- **Task directions**: After finding the line that holds "Walliser Bote 17 janvier 2007" below, set down that line and the rest through the final one exactly, leaving the pictures out.

- **Data shown**:
Segment Open
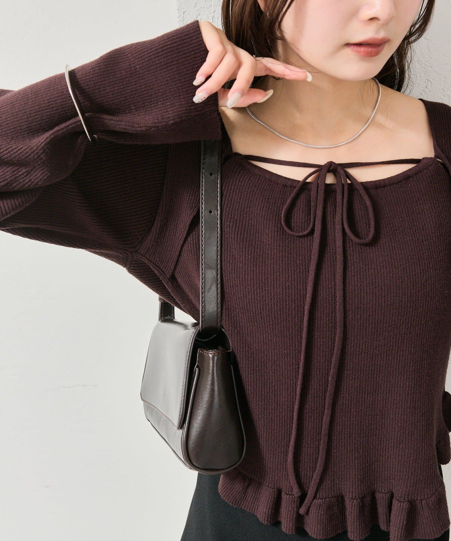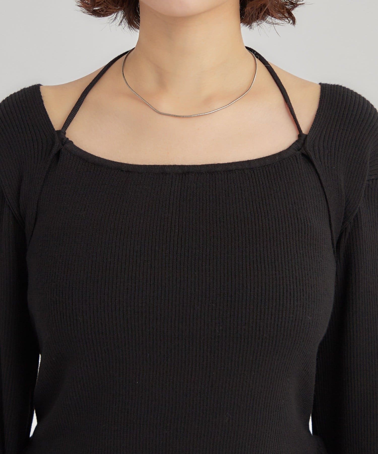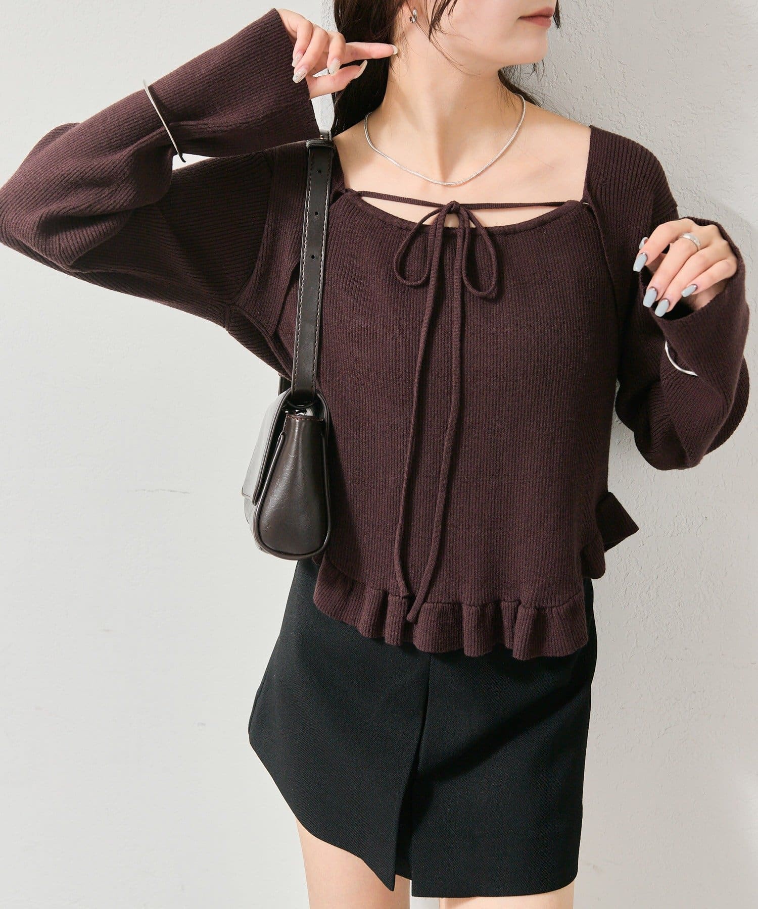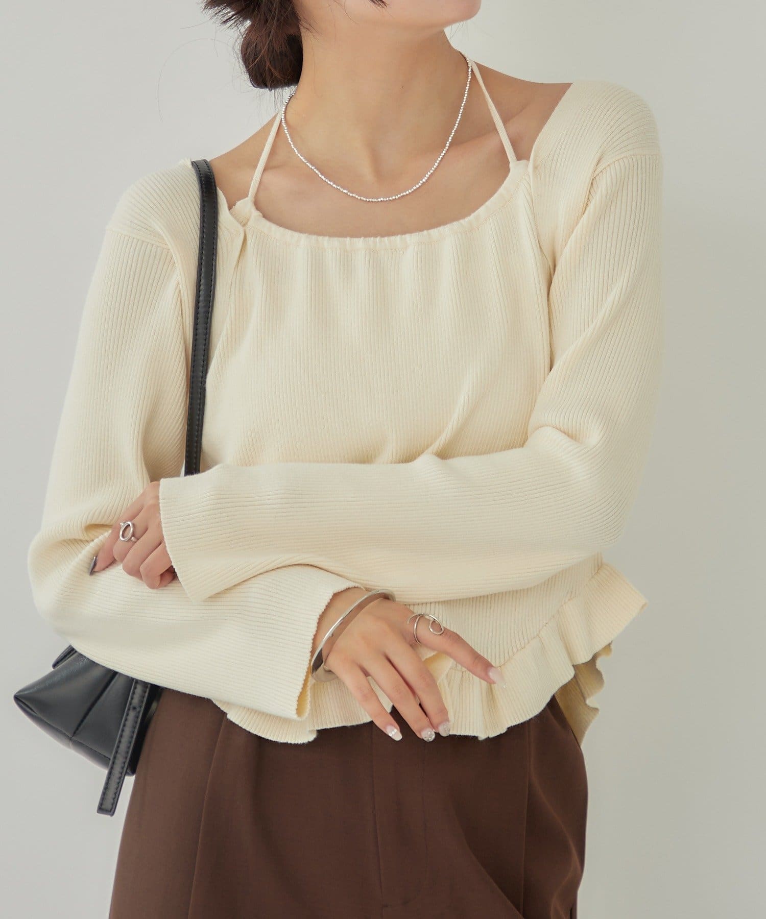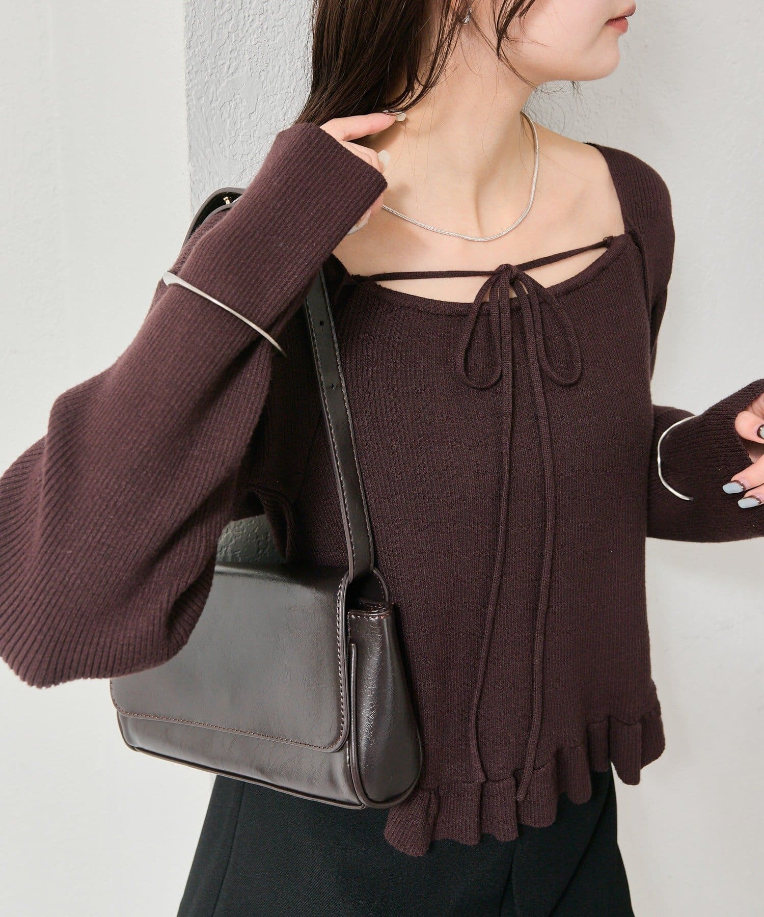 ・一枚でレイヤード風の着こなしが楽しめるデザインニット。
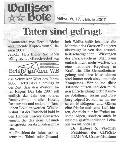 Walliser Bote 17 janvier 2007
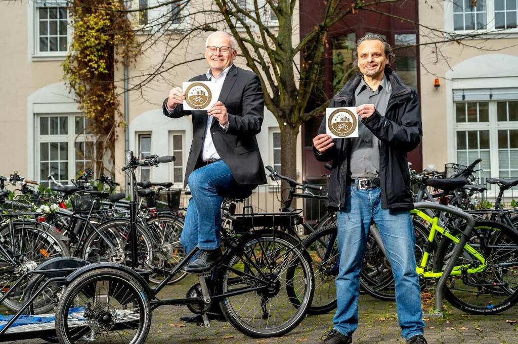 Foto: Peter Dommermuth, Amtsleiter des Umweltamtes, und Torsten Willner vom ADFC bei der Zertifikats-Übergabe. Foto: Umweltamts-Leiter Dommermuth und Torsten Willner vom ADFC bei der Zertifikats-Übergabe. Fotos: ADFC/Umweltamt
Segment Closed
- **Solution to this task**:
 Walliser Bote 17 janvier 2007
 Foto: Peter Dommermuth, Amtsleiter des Umweltamtes, und Torsten Willner vom ADFC bei der Zertifikats-Übergabe. Foto: Umweltamts-Leiter Dommermuth und Torsten Willner vom ADFC bei der Zertifikats-Übergabe. Fotos: ADFC/Umweltamt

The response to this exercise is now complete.